# Are there "un-readable" decoders?



## Brakeman Jake (Mar 8, 2009)

I have two brand new Kato locos awaiting Tsunami instals that I wanted to test their vital signs before the transplant.They ran fine on DC but I also wanted to try them on DCC just for the fun of it.So I fitted a DH123D with an eight pin plug and then on the programing track.

Dial in a ficticious adress,set a linear speed curve...then on the test track.Loco won't start moving before twenty some clicks...so back on prog. track,reset start voltage and speed curve...results in a much better response though still short of perfection.Conclusion,the decoder accepts the datas and works at least decent.
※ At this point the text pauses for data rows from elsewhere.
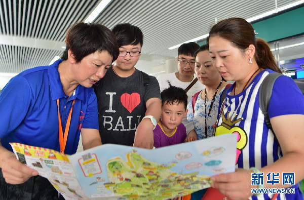 8月3日,厦门晨曦公益服务队队员刘鸿雁(左一)在厦门火车站出站口向游客介绍厦门主要旅游景点。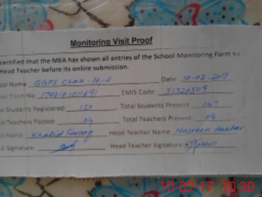 | EMIS Code: 31320509 | Name of School: GGPS CHAK NO.16/A | |||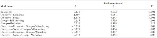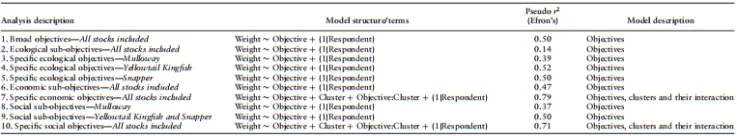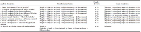 表2 目标、资源群体与受访群体间偏好权重的GLMM最优模型汇总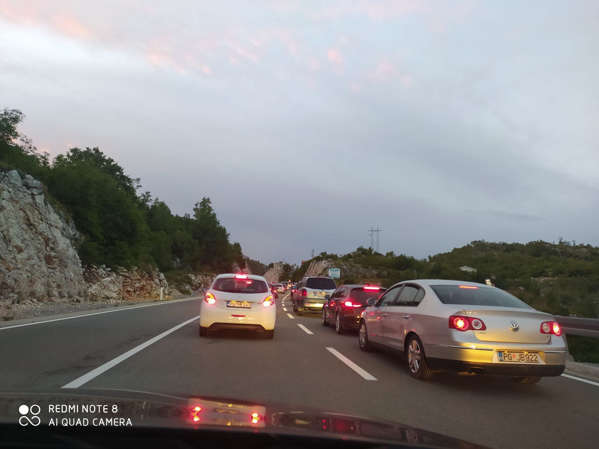 Na putu Cetinje – Budva trenutno su velike gužve, s kilometarskim kolonama vozila, koja se mahom vraćaju s primorja u Podgoricu.

Curiously though,when I try to read back the CV's (with Decoder Pro/PR3/PTB100),I get the "no aknowledge from loco"...???Is it my setup or are there decoders that simply can't be read?I know it's a cheap one so it makes sense to me.Could this be?


----------



## waltr (Aug 15, 2011)

Read back turns on the motor to pulse a current through the track. If the motor draws too little current then it won't read back (my theory). 
Try connecting a 100 Ohm resistor across the programming track. This will increase the current draw and may now read back.

I've used and can read back a DH123D decoder so it shouldn't be the decoder.
Then let us know if this worked. In the mean time maybe someone else will jump in here.


----------



## Brakeman Jake (Mar 8, 2009)

Question answered...thanks.I had re-written a few CV's while it was on the loco using Decoder Pro and it's only after removing it from the loco that I tried to read it through a decoder tester that doesn't put any motor load on it.So it makes plenty of sense.


----------



## NIMT (Jan 6, 2011)

Old MRC's do not support readback and they can be very "flying by the seat of your pants" programming.
Glad you figured it out!:thumbsup::thumbsup:


----------